LCol Souter was one of Canada's foremost expert physicians on CBRN medical defence and worked, almost up to his death as a public servant at the CF H Svcs Gp HQ on biological warfare vaccines. A gentleman physician-officer, and a pleasure to have worked with.  

*LCol (Ret'd) Francis (Frank) Carl Glenn Souter, CD, MD*

Frank passed away on Friday, March 13, 2015 at the age of 70 years after a battle with cancer. Beloved husband of Elena “Helen” (nee Arnone). Loving father of Andrew (Jin “Jill” Wang), Patrick and Robert. Cherished grandpa of Damien and Xavier. Survived by his brothers Gord (Joanne), Sam and his sister Jeanne (Paul Roberts).
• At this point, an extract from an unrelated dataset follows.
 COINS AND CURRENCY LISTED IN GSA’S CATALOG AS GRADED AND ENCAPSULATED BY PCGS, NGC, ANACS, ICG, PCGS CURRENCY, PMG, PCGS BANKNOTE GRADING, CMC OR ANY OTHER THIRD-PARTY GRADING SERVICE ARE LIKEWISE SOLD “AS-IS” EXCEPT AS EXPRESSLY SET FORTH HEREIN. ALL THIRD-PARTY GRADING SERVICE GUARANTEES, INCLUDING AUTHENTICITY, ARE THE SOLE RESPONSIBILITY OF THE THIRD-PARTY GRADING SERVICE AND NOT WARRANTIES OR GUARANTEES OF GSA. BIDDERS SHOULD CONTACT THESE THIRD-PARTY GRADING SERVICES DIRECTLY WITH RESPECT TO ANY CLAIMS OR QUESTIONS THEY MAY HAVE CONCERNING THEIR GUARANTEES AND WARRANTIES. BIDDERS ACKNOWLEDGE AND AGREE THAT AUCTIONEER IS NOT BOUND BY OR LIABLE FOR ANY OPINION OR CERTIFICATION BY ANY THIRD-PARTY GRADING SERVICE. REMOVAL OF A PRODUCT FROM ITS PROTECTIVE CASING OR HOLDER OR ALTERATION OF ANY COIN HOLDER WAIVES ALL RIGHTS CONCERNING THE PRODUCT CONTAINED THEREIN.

Predeceased by his brother William “Bill”.

Frank had a long affiliation with the Canadian Forces Medical Service / Royal Canadian Medical Service both in uniform and as a public servant and has left a significant legacy in the CAF and for Canada in the area of CBRN medical defence and preparedness.

Friends may call at the Garden Chapel of Tubman Funeral Homes, 3440 Richmond Road (between Bayshore and Baseline Road), Nepean on Friday, March 20, 2015 from 1 p.m. until time of service in the chapel at 2p.m. In lieu of flowers, donations to the Ottawa Regional Cancer Foundation would be appreciated. Condolences, tributes or donations may be made at www.tubmanfuneralhomes.com

---

MC


----------



## medicineman

Then LCol Souter was my first CO when I got to 1 Fd Amb.  RIP  .

MM


----------



## MedCorps

HCol (ret'd) Dick Butson GC, CStJ, OMM, CD, MB, BChir - Royal Canadian Army Medical Corps / Canadian Forces Medical Service. 
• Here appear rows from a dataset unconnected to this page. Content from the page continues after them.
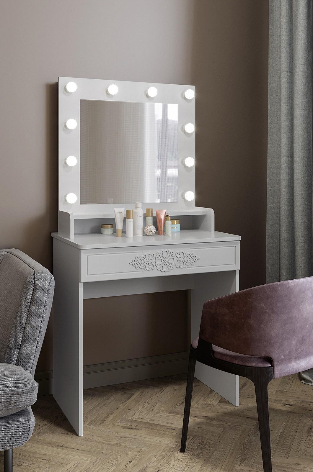 В ящике стола установлены телескопические направляющие полного выдвижения, обеспечивающие его плавный ход. Зеркало оснащено лампами с трех сторон, свет распределяется равномерно, что идеально для ухода за лицом и нанесения макияжа.
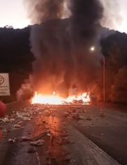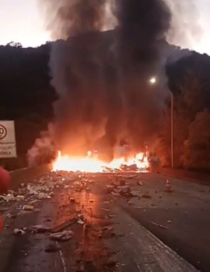 A rodovia permanece totalmente bloqueada no sentido Sul, sem previsão de liberação do tráfego. O bloqueio começa na altura do km 662 e, por volta das 7h, o congestionamento já se estendia por cerca de oito quilômetros, segundo a concessionária Arteris Litoral Sul, responsável pela administração da via.
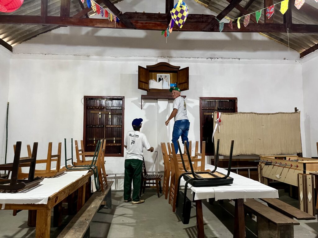 Sete Barras の Raposa(狐という意味)の集落につきました。現地の日系人の方々が、入植時に建設した「会館」で出迎えてくださいました。
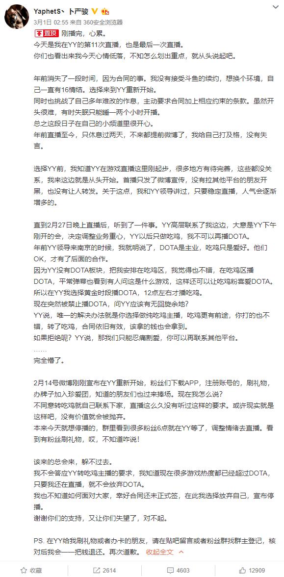 Pis在微博宣布,因为YY禁止他播DOTA2,让他播吃鸡。所以他决定停播YY。稍后Pis又公布了最新进展:YY撤回了之前的决定,改为Pis需增加吃鸡的时长;但由于无法信任的YY,Pis还是决定停播!离开YY!
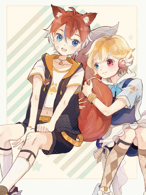 赤キツネ少年🦊と尻尾を抱きしめる男の子 #Skeb

Richard Butson, who has died aged 92, was awarded the George Cross for saving the life a fellow member of a research expedition who fell into a crevasse in the Antarctic in 1947. 

The Falkland Islands Dependencies Survey (FIDS) originated in 1943 when an expedition left Britain to establish Antarctic bases on Deception Island in the South Shetlands and on Goudier Islet in Port Lockroy. After the end of the Second World War, responsibility for the expeditions was transferred from the Admiralty to the Colonial Office. 
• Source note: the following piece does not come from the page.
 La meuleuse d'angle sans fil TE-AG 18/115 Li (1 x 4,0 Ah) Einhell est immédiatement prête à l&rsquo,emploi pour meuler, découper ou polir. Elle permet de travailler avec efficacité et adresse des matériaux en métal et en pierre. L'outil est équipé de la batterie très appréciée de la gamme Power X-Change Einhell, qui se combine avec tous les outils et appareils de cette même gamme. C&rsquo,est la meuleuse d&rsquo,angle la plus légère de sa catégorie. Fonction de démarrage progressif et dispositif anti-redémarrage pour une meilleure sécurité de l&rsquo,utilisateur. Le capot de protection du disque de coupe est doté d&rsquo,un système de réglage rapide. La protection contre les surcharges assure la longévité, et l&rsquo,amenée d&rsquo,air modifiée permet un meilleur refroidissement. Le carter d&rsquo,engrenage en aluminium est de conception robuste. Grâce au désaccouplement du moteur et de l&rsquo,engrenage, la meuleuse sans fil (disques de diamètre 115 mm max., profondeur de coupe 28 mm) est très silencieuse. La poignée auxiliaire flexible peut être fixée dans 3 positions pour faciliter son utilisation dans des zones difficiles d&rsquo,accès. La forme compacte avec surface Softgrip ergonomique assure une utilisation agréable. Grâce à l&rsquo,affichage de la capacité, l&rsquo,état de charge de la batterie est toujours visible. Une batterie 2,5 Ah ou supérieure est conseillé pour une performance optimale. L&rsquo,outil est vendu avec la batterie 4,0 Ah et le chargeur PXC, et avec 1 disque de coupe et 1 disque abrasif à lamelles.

In 1947, FIDS, under the leadership of Major Butler, drew up a programme with the United States Ronne Antarctic Expedition (RARE), under Commander Ronne, for their joint cooperation during the sledging season. To provide better weather forecasting for the long exploratory and survey flight Cdr Ronne intended to make, two meteorological stations were set up: one at an altitude of 5,600ft on the Graham Land plateau, north-east of Stonington Island; the other on the shelf ice off a point shown on some charts as Cape Keeler. 

During July, the RARE planned to sledge supplies to the base on Graham Land. The first attempt was unsuccessful and, on the evening of July 26, two men were left on the plateau at 4,700ft while the rest of their party returned for fresh supplies. Bad weather set in, their tent was damaged and, while returning to base on foot, Peterson, an American, fell into a deep crevasse. 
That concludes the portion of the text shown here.